Cardiac Troponin Screening and Clinical Outcomes in Patients Receiving Immunotherapy

Evaline Cheng et al. JACC CardioOncol. 2025 Oct.
Free article

Abstract

Background: Immune checkpoint inhibitors (ICIs) are associated with cardiotoxicities such as myocarditis. However, data on the implementation and outcomes of cardiac biomarker screening remain limited.

Objectives: The aim of this study was to examine the impact of cardiac troponin I (cTnI) surveillance integrated with symptom-based triaging in patients receiving immunotherapy.
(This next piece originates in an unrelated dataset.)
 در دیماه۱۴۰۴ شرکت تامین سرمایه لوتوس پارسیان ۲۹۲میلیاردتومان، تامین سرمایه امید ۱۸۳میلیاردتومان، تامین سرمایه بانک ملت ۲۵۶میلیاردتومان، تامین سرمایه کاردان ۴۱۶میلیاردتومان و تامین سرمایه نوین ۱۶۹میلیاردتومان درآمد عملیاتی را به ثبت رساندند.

Methods: A single-center retrospective cohort study was conducted among adults who underwent routine serial cTnI monitoring during immunotherapy between January 2019 and October 2021. For patients with elevated cTnI, clinical presentation, management, and outcomes were analyzed. Major adverse cardiac events included arrhythmia, myocarditis, heart failure, acute coronary syndrome, stroke, and pericardial effusion. Patients were followed for 24 months from their first ICI dose.
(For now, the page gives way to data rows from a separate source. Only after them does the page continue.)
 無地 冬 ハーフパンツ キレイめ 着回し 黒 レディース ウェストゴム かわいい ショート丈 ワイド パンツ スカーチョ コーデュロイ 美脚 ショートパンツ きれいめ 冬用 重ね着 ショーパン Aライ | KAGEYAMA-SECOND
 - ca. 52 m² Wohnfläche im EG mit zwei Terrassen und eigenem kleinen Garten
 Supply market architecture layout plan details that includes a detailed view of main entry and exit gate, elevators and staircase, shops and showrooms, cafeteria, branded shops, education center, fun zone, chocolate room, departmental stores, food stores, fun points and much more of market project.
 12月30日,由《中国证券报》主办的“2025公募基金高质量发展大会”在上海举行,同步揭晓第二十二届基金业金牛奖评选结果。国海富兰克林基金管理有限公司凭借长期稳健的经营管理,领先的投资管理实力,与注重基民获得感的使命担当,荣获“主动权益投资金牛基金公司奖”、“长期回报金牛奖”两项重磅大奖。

Results: Among 428 patients (mean age 67.1 ± 13.9 years, 60.3% men), 42 (9.8%) had elevated cTnI detected through monitoring. Compared with symptomatic patients, asymptomatic patients more often underwent outpatient evaluation (88.0% vs 17.6%; P < 0.001) and continued immunotherapy (68.0% vs 35.3%; P < 0.001), whereas symptomatic patients more often underwent myocarditis-specific diagnostics such as cardiac magnetic resonance imaging (58.8% vs 8.0%; P = 0.001) and received immunosuppression (47.1% vs 8.0%; P = 0.008). The cumulative incidence of major adverse cardiac events at 1.5 years following cTnI elevation was 19.0% (95% CI: 7.0%-31.1%) and was significantly higher in symptomatic vs asymptomatic patients (subdistribution HR: 18.9; 95% CI: 2.2-162.5; P = 0.008). Symptomatic patients had a significantly higher risk for all-cause mortality at 2-year follow-up (HR: 3.24; 95% CI: 1.06-9.94; P = 0.04). In total, 6 patients were diagnosed with myocarditis, with no cardiac-related deaths.

Conclusions: cTnI surveillance integrated with symptom-based triaging can facilitate early intervention and treatment of cardiotoxicities such as myocarditis.

Keywords: biomarkers; immune checkpoint inhibitor; immune-related adverse events; immunotherapy; myocarditis; screening; surveillance; troponin.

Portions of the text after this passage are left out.